Appeal by the defendant from a judgment of the Supreme Court, Queens County (Eng, J.), rendered January 14, 2003, convicting him of murder in the second degree, criminal possession of a weapon in the second degree, and criminal possession of a weapon in the third degree, upon a jury verdict, and imposing sentence.
Ordered that the judgment is affirmed.
The defendant’s challenge to the legal sufficiency of the evidence is unpreserved for appellate review, since he failed to advance his present arguments as a basis for dismissal in the trial court (see CPL 470.05 [2]; People v Gray, 86 NY2d 10, 20 [1995]; People v Udzinski, 146 AD2d 245, 252 [1989]). In any event, viewing the evidence in the light most favorable to the prosecution (see People v Contes, 60 NY2d 620, 621 [1983]), we find that it was legally sufficient to establish the defendant’s guilt beyond a reasonable doubt. Moreover, upon the exercise of our factual review power, we are satisfied that the verdict of guilt was not against the weight of the evidence (see CPL 470.15 [5]).

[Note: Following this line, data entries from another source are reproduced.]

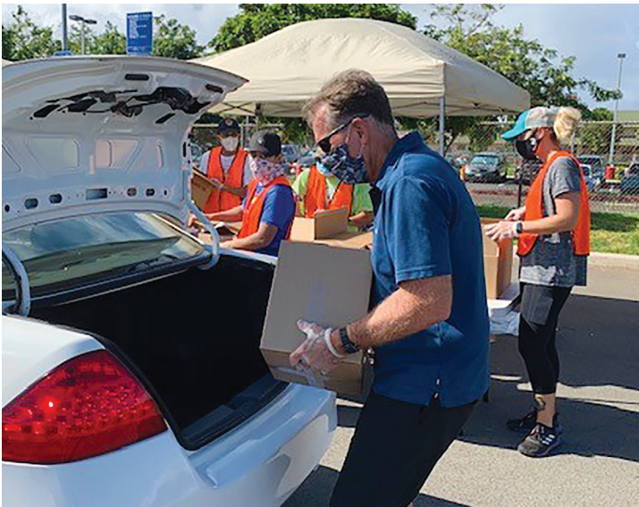
At 'Ewa food distribution.

Our just-enacted $1.9 trillion American Rescue Plan is our third major federal emergency assistance package, after our $2.2 trillion CARES Act last March and $900 billion supplemental last December. Together, they are delivering essential aid to critical needs including vaccinations and public health, small businesses, workers, families, communities, non-profits, schools and governments. My efforts have focused on first passing these literally life-and-death measures, then closely tracking and guiding this assistance through our government maze to where actually needed back home. Our only path through COVID-19 is scientific public health direction including widespread vaccinating. But severe needs will continue, and I am focused on further targeted assistance.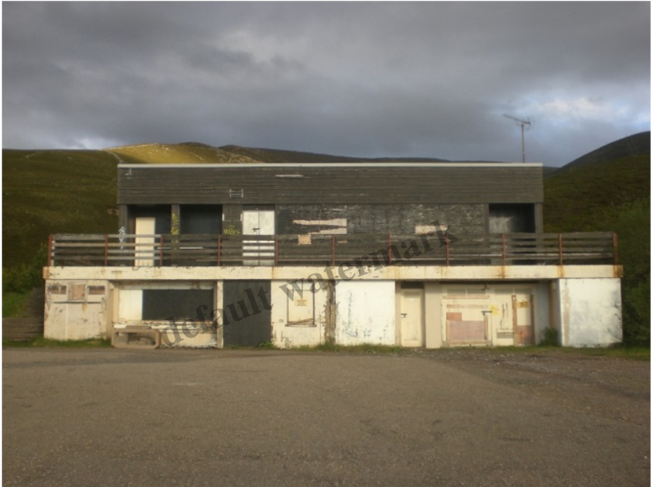
The Ciste building in June 2020

The Ciste building is a derelict eyesore and should be removed. Highlands and Islands Enterprise (HIE) own the land and building and it is therefore their responsibility to take the necessary action.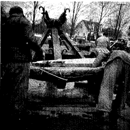
Fig. 1. The pan of the mover is being prepared prior to loading.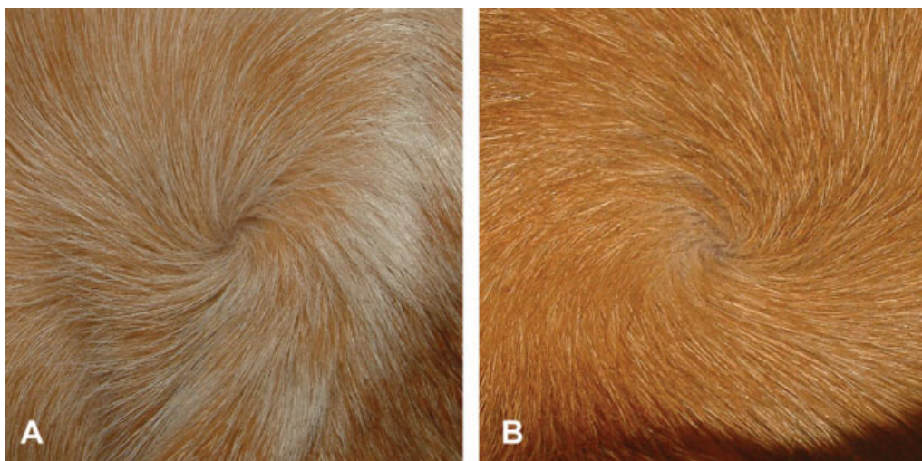
Fig. 1. Photographs of hair whorls demonstrating directionality: (A) a clockwise (right) simple whorl; (B) a counterclockwise (left) simple whorl.

with a left-motor bias during ridden work. Hair whorl characteristics in Canidae have not widely been assessed prior to this two-part study (see Tomkins and McGreevy, in press). Evans and Christensen (1979) made brief reference to hair whorls being located in different regions of the body. Similarly, Pullig (1950) reported different locations in which whorls occurred on related Cocker Spaniels, but to date, there are no known studies investigating canine whorl direction. Therefore, the aim of the current study was to, first, assess the direction of whorls in each of the 11 different regions in which they are found and, second, describe the distribution of whorl directionality in the sample domestic dog population.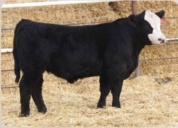
BSR BARKER BALD EAGLE LY221 Sells as Lot 42.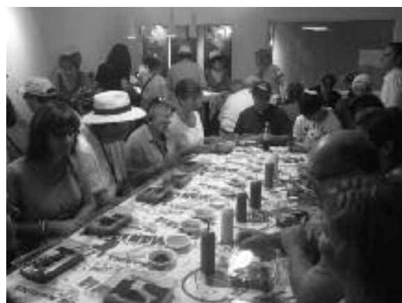
Chocolate Factory at the Golan Heights

Eighteen years ago I marveled at the Israel I saw. On this journey, I was stunned by the continuous progress that goes on in Israel. As a Jew, my trip made me appreciate the Israelis and that I was fortunate enough to experience what their country afforded me.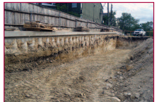
THE TAU TRUSTEES HAVE IMPLEMENTED A VARIETY OF POLICIES TO MAINTAIN THE INTEGRITY OF OUR NEW HOME.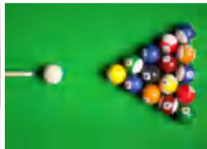
T. TENNIS & BILLIARD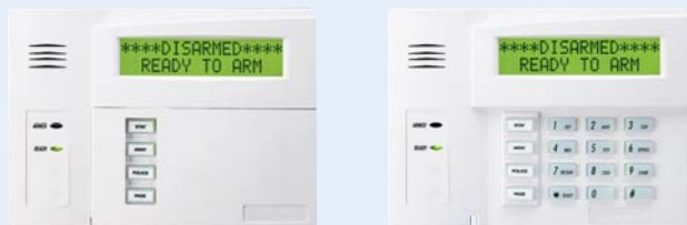
(shown without door)

The defendant and his accomplice, the codefendant Henry Vega, shot and killed the victim in Kissena Park in Queens. At the trial, several witnesses testified that the defendant and the codefendant were drug dealers and one witness testified that the defendant and the codefendant knew the victim and that he purchased drugs from them. Contrary to the defendant’s contention, the testimony about his drug-related activities was admissible to establish his motive to commit the crimes charged and to complete the narrative of the events leading up to the murder (see People v Vega, 23 AD 3d 680 [2005]; People v Porter, 256 AD2d 363, 364 [1998]; People v Collins, 220 AD2d 610, 611 [1995]). Additionally, the evidence of the drug-related activities was admissible to provide the jury with a thorough understanding of the defendant’s relationship with the prosecution witnesses (see People v Devino, 254 AD2d 9, 10 [1998]; People v Williams, 240 AD2d 213 [1997]; People v Bernard, 224 AD2d 192, 193 [1996]).
The defendant’s remaining contention is unpreserved for appellate review and, in any event, is without merit. Krausman, J.P., Luciano, Fisher and Dillon, JJ., concur.